JOURNAL ARTICLE

Food consumption patterns in the adult population of the Basque Country (EINUT-I)

J Aranceta, C Pérez Rodrigo, I Eguileor, I Marzana, L González de Galdeano, J Saenz de Buruaga
Public Health Nutrition 1998, 1 (3): 185-92
10933417

OBJECTIVE: Dietary surveys are a valuable tool in nutrition surveillance programmes to monitor the nutritional status of a group or population of a country. The objective of this study was to assess the food consumption pattern in the adult population of the Basque Country (Spain).

DESIGN: A cross-sectional nutritional survey was carried out in 1990. Dietary habits were assessed by means of '24-h recall' during 3 non-consecutive days and a food frequency questionnaire.

SETTING: Population survey in the Basque Country (Spain).

SUBJECTS: Random sample of the adult population (25-60 years) in the Basque Country (n = 2348).

RESULTS: Results draw a food pattern characterized by a high consumption of meat, 163+/-3.04 g day(-1) (mean +/- SEM), supplied mainly by poultry, butchery products, veal and fish (88+/-2.68 g day(-1)). The average consumption of milk and dairy products was 359+/-5.19 g day(-1), although 39% of the sample did consume less than 2 portions from this group of foods daily. Olive oil was the most widely used fat for cooking (45%), followed by sunflower seed oil (30%). Cereals supplied 21.5% of the average energy intake and the consumption of vegetables and garden products was 159+/-3.13 g day(-1). Only 29% of the group usually had 2 or more portions of vegetables per day. Women consumed higher amounts of chocolate, cookies, sweets and coffee (P < 0.01) than men. Younger adults consumed more meat (P < 0.01), while the older community consumed more fish, vegetables and fruit (P < 0.01). More highly educated people consumed more dairy products, vegetables and butter (P < 0.01). Conversely, less educated people consumed higher amounts of olive oil, pulses and bread (P < 0.01).
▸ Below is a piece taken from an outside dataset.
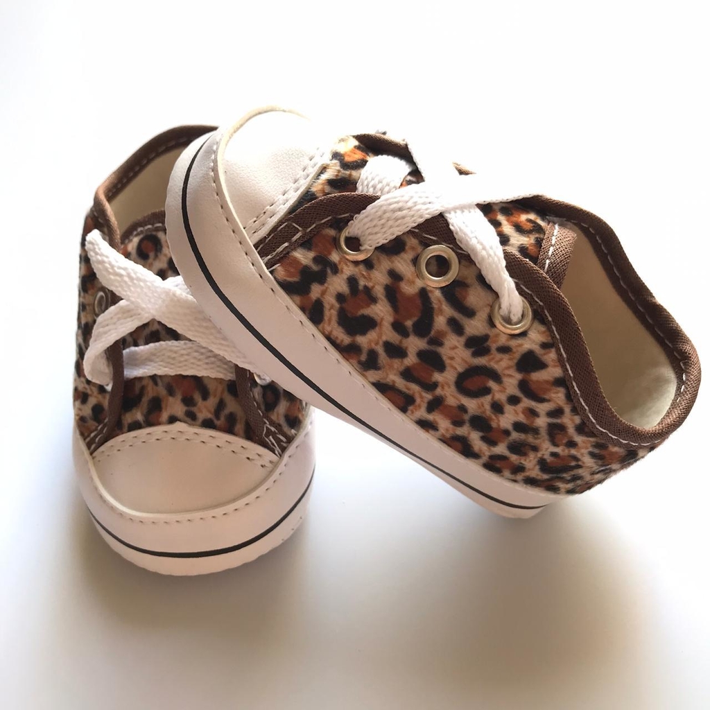 Tênis com cadarço, acabamento em estampa rotativa de oncinha!

CONCLUSIONS: The dietary pattern observed in the Basque Country, although in keeping with its traditions, is in harmony with the actual dietary trends in Mediterranean countries. In order to satisfy the dietary guidelines suggested by the Spanish Society of Community Nutrition, it would be desirable to gradually increase the consumption of vegetables, fresh garden produce, fruit and cereals. At the same time, it would be advisable to decrease the consumption of animal products (whole fat dairy products, meat, added fats) so the proportion of energy intake from fat can be reduced by 5% (3% from saturated fatty acids).